| WHAT THE TASK REQUIRES |
Return the entries verbatim and drop every picture.

Data items
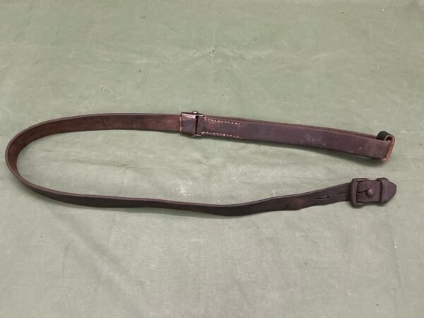 World War II original German k98 Mauser rifle sling maker marked L&F for Linden & Funke KG ,Iserlohn,has correct three holes at tab end ,complete with steel studded keeper,leather still lovely and supple.
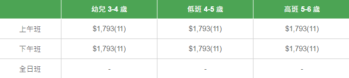 學校有參加「幼稚園教育計劃」,以下列出扣減政府資助后不同班別的全年學費和期數。
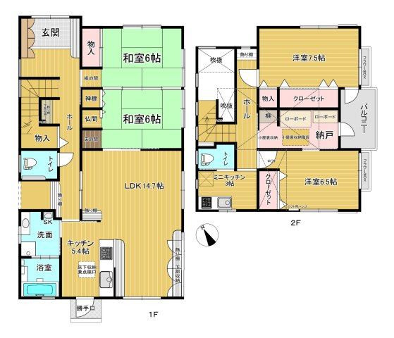 LD 14.7帖 1室 / K 1室 / 和室 6.0帖 2室 / 洋室 7.5帖 1室 / 洋室 6.5帖 1室 / K 3.0帖 1室 / |
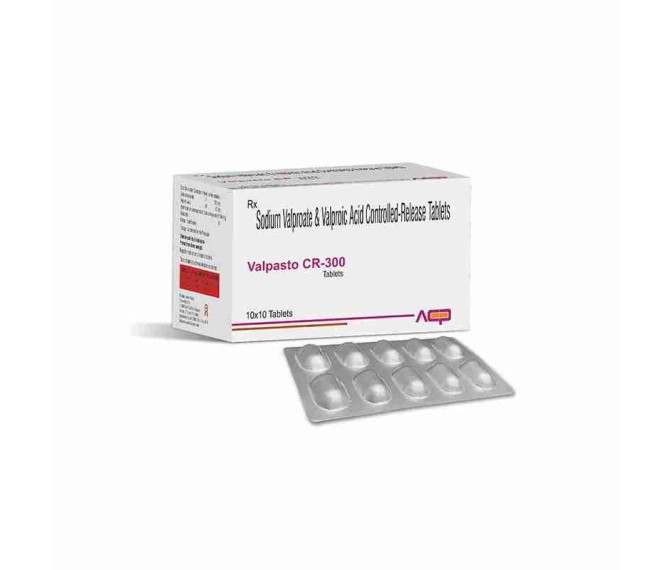 Composition : Sodium Valporate + Valporic Acid ( 300 Mg ) Controlled Release Packing : 10*10 Type :  Alu Alu Detail:-Valpasto CR 300 Tablet with Sodium Valproate & Valproic Acid for epilepsy, seizure control, bipolar disorder and migraine prevention
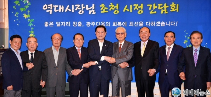 간담회에는 제2대 최인기 시장을 비롯해 제4대 김동환, 제5대 강영기, 제7대 송언종, 제8대 고재유, 제9~10대 박광태, 제6·11대 강운태, 제12대 윤장현 시장 등 8명의 역대 시장이 참석해 광주 발전을 위한 조언과 함께 다양한 의견을 나눴다.
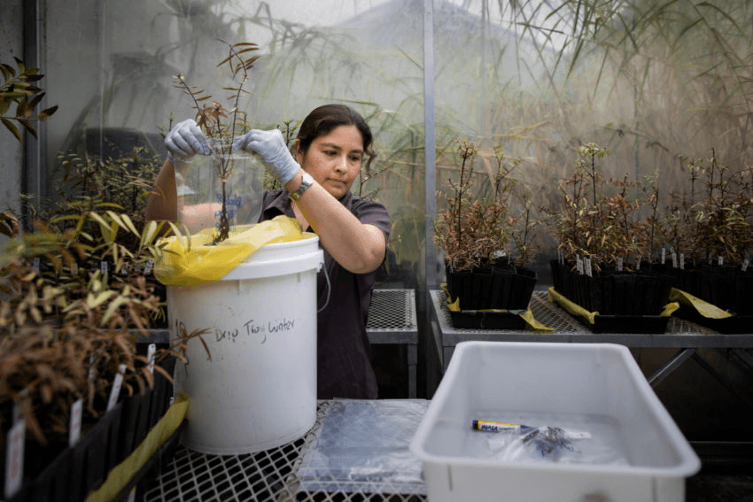 This kauri seedling was killed by Phythophthora agathidicida, a micro-organism causing kauri dieback. Chantal Probst is a research technician at Manaaki Whenua – Landcare Research. Landcare receives kauri seedlings from Scion and inoculates them with phytophthora. If the seedling dies, its roots are tested to confirm that the phytophthora infection caused its death.
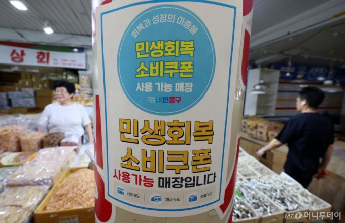 [서울=뉴시스] 홍효식 기자 = 소상공인 대다수가 민생회복 소비쿠폰 정책에 만족하는 것으로 조사됐다. 12일 소상공인연합회가 발표한 민생회복 실태조사 결과에 따르면 소상공인 70.3%가 민생회복 소비쿠폰 정책에 대해 만족한다고 답했다.  12일 서울 중구 중부시장에 민생회복 소비쿠폰 사용 가능 매장 안내문이 부착되어 있다. 2025.08.12. yesphoto@newsis.com /사진=홍효식
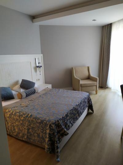 Hotel odpovídá tureckým 5*, pokoje jsou prostorné, vzdušné, s bočním výhledem na moře. Na balkonku stoleček a dvě kvalitní plastové židle + malý sušák. Kladně hodnotím šíři a kvalitu matrací. Velká prostorná koupelna se sprchovým koutem a toaletou. Čistota na jedničku! Ručníky, osušky měněny pravidelně. Trezor na pokoji zdarma. Úložné prostory na oblečení dostačující. Funkční klimatizace. Na pokoji lednička, průběžně doplňována nejen vodou, ale i kola, mirinda, minerální voda…
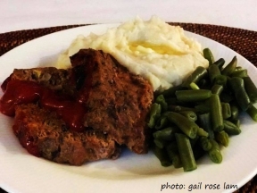 For the meatloaf: whisk together everything except the meat and then pour it over the meat and gently squish it all together with your hands. (Relive your childhood a little – pretend it's a mud pie.) Put the meat mixture in a loaf pan, ring pan or make your own tinfoil “pan.” Shape the meat into a loaf on a piece of tinfoil and fold the sides up around it. Make a 1/2-inch deep depression down the center of the meatloaf for the glaze that you will add later. Put the meatloaf on top of the trivet over the potatoes.
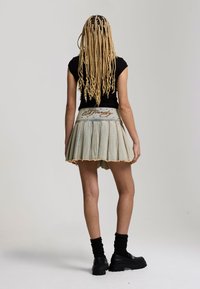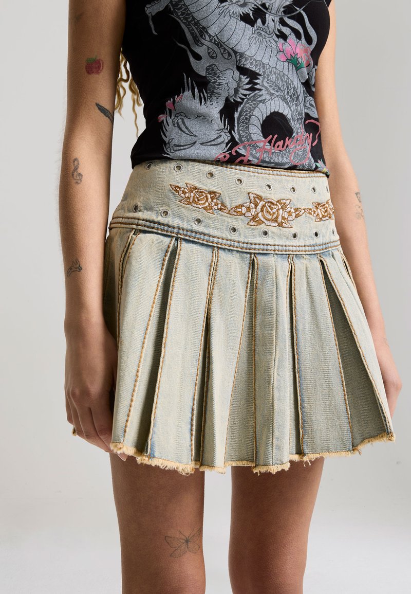 Womens Contrast Stitch Pleated Rose Regular Skirt in Bleach Denim
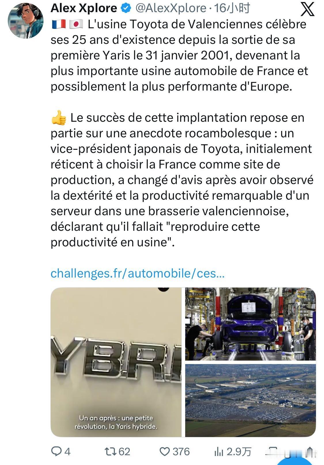 位于法国瓦朗谢讷的丰田汽车工厂正在庆祝其成立 25 周年,自 2001 年 1 月 31 日发布第一辆 Yaris 以来,该工厂已成为法国最大的汽车工厂,也可能是欧洲效率最高的汽车工厂。 该项目的成功部分基于一个离奇的轶事:丰田汽车的一位日本副总裁最初不愿选择法国作为生产基地,但在瓦朗谢讷一家小酒馆里看到一位服务员的非凡灵巧和生产力后,改变了主意,并宣称有必要“在工厂里复制这种生产力”。 这是一个关于工业界和当地历史非常迷人的轶事! 瓦朗谢讷(Valenciennes)工厂(正式名称为 Toyota Motor Manufacturing France,简称 TMMF)的成功确实被认为是日本丰田精益生产方式(TPS)与法国本土活力完美融合的典范。 根据丰田欧洲官方新闻稿 (Toyota Europe Newsroom),以下是该工厂几个关键的里程碑: 开端与速度: 工厂于 2001 年 1 月 31 日正式投产。由于其高效的生产逻辑,它是丰田在全球范围内从动工到下线第一辆车速度最快的工厂之一。 法国最大: TMMF 多次被评为法国产量最大的汽车生产基地,这在很大程度归功于其畅销车型 Yaris 以及近年加入生产线的 Yaris Cross。 效率神话: 关于“小酒馆服务员”的故事在当地流传甚广。据说那位高管被服务员同时处理多个订单、穿梭于狭小空间且毫无差错的动作所打动,这正是丰田“准时制 (Just-in-Time)”和“自働化 (Jidoka)”在现实生活中的生动体现。 如今,这家位于翁南(Onnaing)的工厂不仅是该地区的经济支柱,也是丰田在欧洲实现混合动力转型和可持续生产的领头羊。
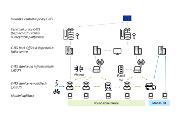 - Centrální C-ITS stanice, tzv. C-ITS Back Office, zajišťující generování, distribuci, zpracování a vyhodnocení dopravních událostí
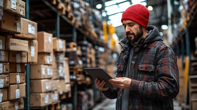 Warehouse worker scanning inventory data on touchscreen panel, wearing safety vest and cap, managing stock flow in modern distribution center logistics environment
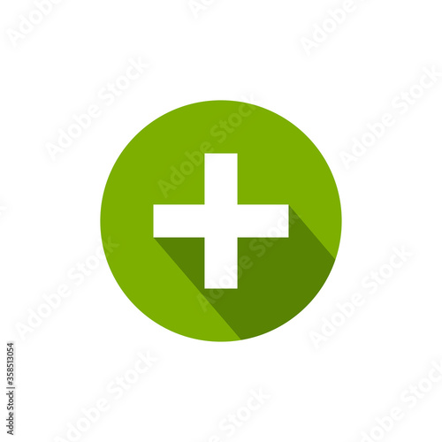 Fototapeta premium white cross with shadow in green circle. Flat vector icon isolated on white.
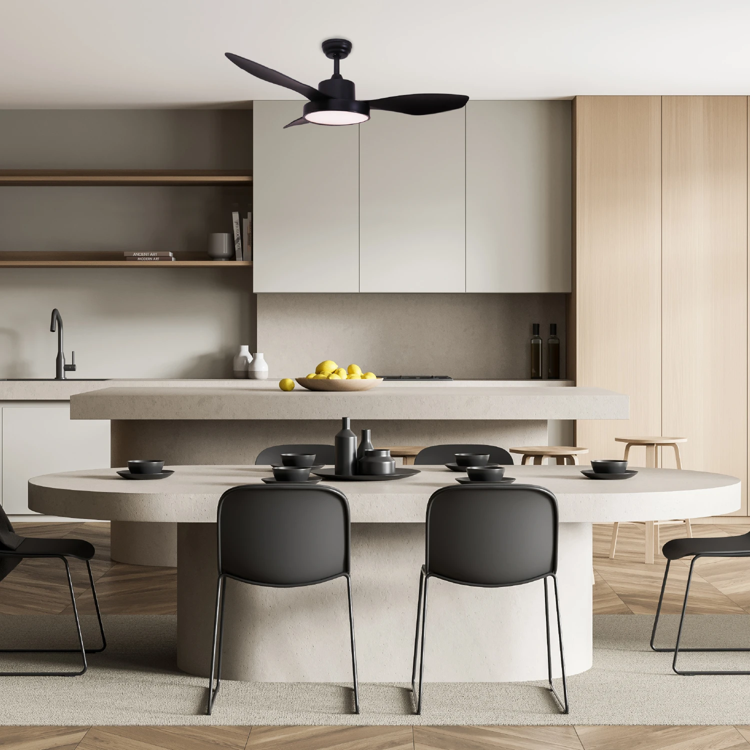 Ο ανεμιστήρας οροφής αποτελεί την ιδανική επιλογή για σύγχρονους χώρους που απαιτούν υψηλή αισθητική και άριστη απόδοση. Με διάμετρο 47” (120cm) και 3 πτερύγια ABS σε κομψό μαύρο ματ, προσφέρει δυναμική ροή αέρα και μοντέρνο χαρακτήρα που ταιριάζει σε σαλόνια, lofts, υπνοδωμάτια και επαγγελματικούς χώρους.
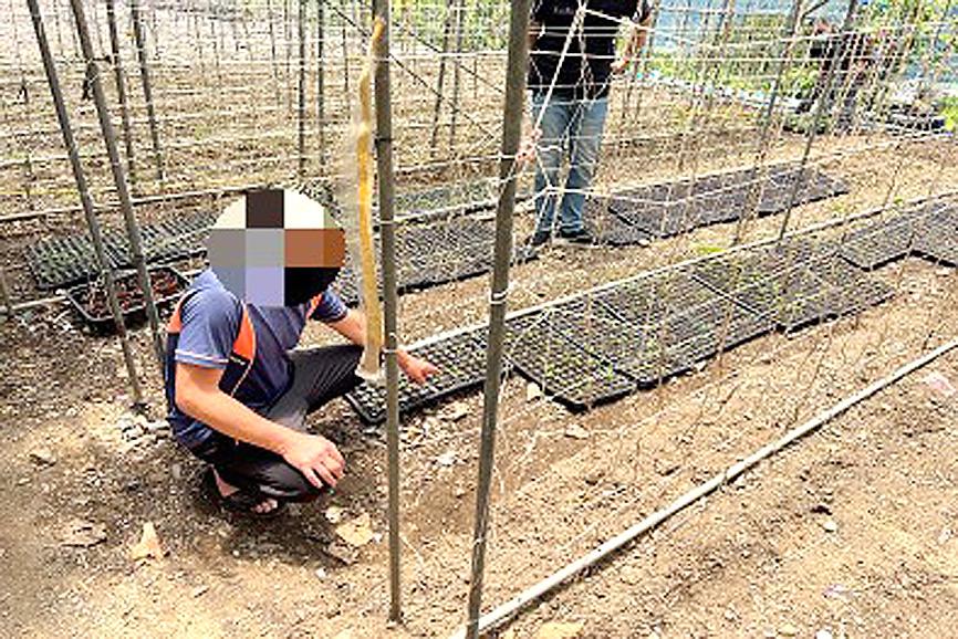 “We received information that someone was cultivating cannabis at a farm on the mountain, which led us to locate and surveil it,” Jhushan Police Chief Wu Yung-chieh (吳詠傑) told a news conference.
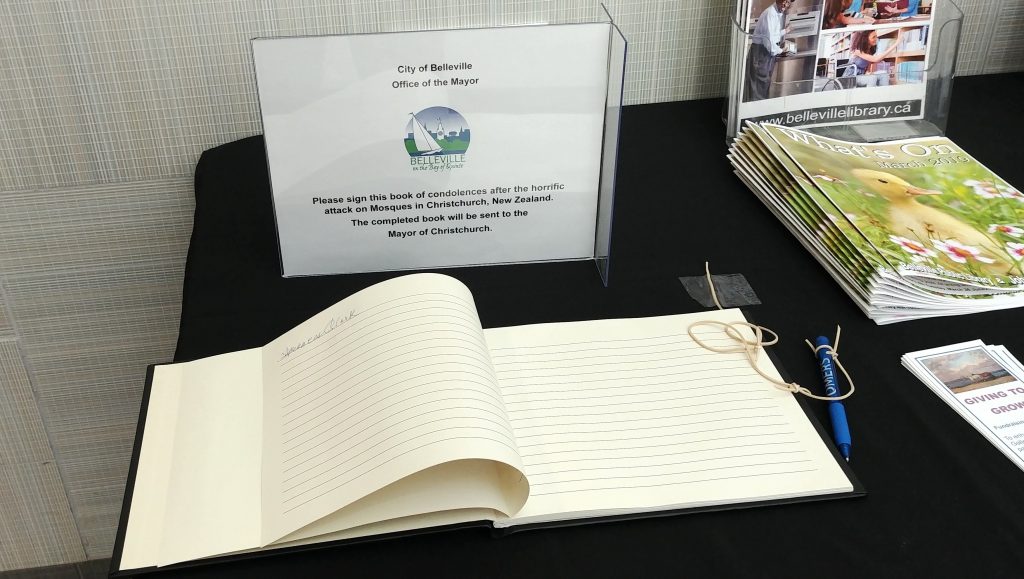 A book of condolences has been placed at the Belleville Public Library for people to stop by and sign. The book will be there for one week, after which it will be sent to the mayor’s office in Christchurch.

| SOLVED PROBLEM |
 World War II original German k98 Mauser rifle sling maker marked L&F for Linden & Funke KG ,Iserlohn,has correct three holes at tab end ,complete with steel studded keeper,leather still lovely and supple.
 學校有參加「幼稚園教育計劃」,以下列出扣減政府資助后不同班別的全年學費和期數。
 LD 14.7帖 1室 / K 1室 / 和室 6.0帖 2室 / 洋室 7.5帖 1室 / 洋室 6.5帖 1室 / K 3.0帖 1室 / |
 Composition : Sodium Valporate + Valporic Acid ( 300 Mg ) Controlled Release Packing : 10*10 Type :  Alu Alu Detail:-Valpasto CR 300 Tablet with Sodium Valproate & Valproic Acid for epilepsy, seizure control, bipolar disorder and migraine prevention
 간담회에는 제2대 최인기 시장을 비롯해 제4대 김동환, 제5대 강영기, 제7대 송언종, 제8대 고재유, 제9~10대 박광태, 제6·11대 강운태, 제12대 윤장현 시장 등 8명의 역대 시장이 참석해 광주 발전을 위한 조언과 함께 다양한 의견을 나눴다.
 This kauri seedling was killed by Phythophthora agathidicida, a micro-organism causing kauri dieback. Chantal Probst is a research technician at Manaaki Whenua – Landcare Research. Landcare receives kauri seedlings from Scion and inoculates them with phytophthora. If the seedling dies, its roots are tested to confirm that the phytophthora infection caused its death.
 [서울=뉴시스] 홍효식 기자 = 소상공인 대다수가 민생회복 소비쿠폰 정책에 만족하는 것으로 조사됐다. 12일 소상공인연합회가 발표한 민생회복 실태조사 결과에 따르면 소상공인 70.3%가 민생회복 소비쿠폰 정책에 대해 만족한다고 답했다.  12일 서울 중구 중부시장에 민생회복 소비쿠폰 사용 가능 매장 안내문이 부착되어 있다. 2025.08.12. yesphoto@newsis.com /사진=홍효식
 Hotel odpovídá tureckým 5*, pokoje jsou prostorné, vzdušné, s bočním výhledem na moře. Na balkonku stoleček a dvě kvalitní plastové židle + malý sušák. Kladně hodnotím šíři a kvalitu matrací. Velká prostorná koupelna se sprchovým koutem a toaletou. Čistota na jedničku! Ručníky, osušky měněny pravidelně. Trezor na pokoji zdarma. Úložné prostory na oblečení dostačující. Funkční klimatizace. Na pokoji lednička, průběžně doplňována nejen vodou, ale i kola, mirinda, minerální voda…
 For the meatloaf: whisk together everything except the meat and then pour it over the meat and gently squish it all together with your hands. (Relive your childhood a little – pretend it's a mud pie.) Put the meat mixture in a loaf pan, ring pan or make your own tinfoil “pan.” Shape the meat into a loaf on a piece of tinfoil and fold the sides up around it. Make a 1/2-inch deep depression down the center of the meatloaf for the glaze that you will add later. Put the meatloaf on top of the trivet over the potatoes.
 Womens Contrast Stitch Pleated Rose Regular Skirt in Bleach Denim
 位于法国瓦朗谢讷的丰田汽车工厂正在庆祝其成立 25 周年,自 2001 年 1 月 31 日发布第一辆 Yaris 以来,该工厂已成为法国最大的汽车工厂,也可能是欧洲效率最高的汽车工厂。 该项目的成功部分基于一个离奇的轶事:丰田汽车的一位日本副总裁最初不愿选择法国作为生产基地,但在瓦朗谢讷一家小酒馆里看到一位服务员的非凡灵巧和生产力后,改变了主意,并宣称有必要“在工厂里复制这种生产力”。 这是一个关于工业界和当地历史非常迷人的轶事! 瓦朗谢讷(Valenciennes)工厂(正式名称为 Toyota Motor Manufacturing France,简称 TMMF)的成功确实被认为是日本丰田精益生产方式(TPS)与法国本土活力完美融合的典范。 根据丰田欧洲官方新闻稿 (Toyota Europe Newsroom),以下是该工厂几个关键的里程碑: 开端与速度: 工厂于 2001 年 1 月 31 日正式投产。由于其高效的生产逻辑,它是丰田在全球范围内从动工到下线第一辆车速度最快的工厂之一。 法国最大: TMMF 多次被评为法国产量最大的汽车生产基地,这在很大程度归功于其畅销车型 Yaris 以及近年加入生产线的 Yaris Cross。 效率神话: 关于“小酒馆服务员”的故事在当地流传甚广。据说那位高管被服务员同时处理多个订单、穿梭于狭小空间且毫无差错的动作所打动,这正是丰田“准时制 (Just-in-Time)”和“自働化 (Jidoka)”在现实生活中的生动体现。 如今,这家位于翁南(Onnaing)的工厂不仅是该地区的经济支柱,也是丰田在欧洲实现混合动力转型和可持续生产的领头羊。
 - Centrální C-ITS stanice, tzv. C-ITS Back Office, zajišťující generování, distribuci, zpracování a vyhodnocení dopravních událostí
 Warehouse worker scanning inventory data on touchscreen panel, wearing safety vest and cap, managing stock flow in modern distribution center logistics environment
 Fototapeta premium white cross with shadow in green circle. Flat vector icon isolated on white.
 Ο ανεμιστήρας οροφής αποτελεί την ιδανική επιλογή για σύγχρονους χώρους που απαιτούν υψηλή αισθητική και άριστη απόδοση. Με διάμετρο 47” (120cm) και 3 πτερύγια ABS σε κομψό μαύρο ματ, προσφέρει δυναμική ροή αέρα και μοντέρνο χαρακτήρα που ταιριάζει σε σαλόνια, lofts, υπνοδωμάτια και επαγγελματικούς χώρους.
 “We received information that someone was cultivating cannabis at a farm on the mountain, which led us to locate and surveil it,” Jhushan Police Chief Wu Yung-chieh (吳詠傑) told a news conference.
 A book of condolences has been placed at the Belleville Public Library for people to stop by and sign. The book will be there for one week, after which it will be sent to the mayor’s office in Christchurch.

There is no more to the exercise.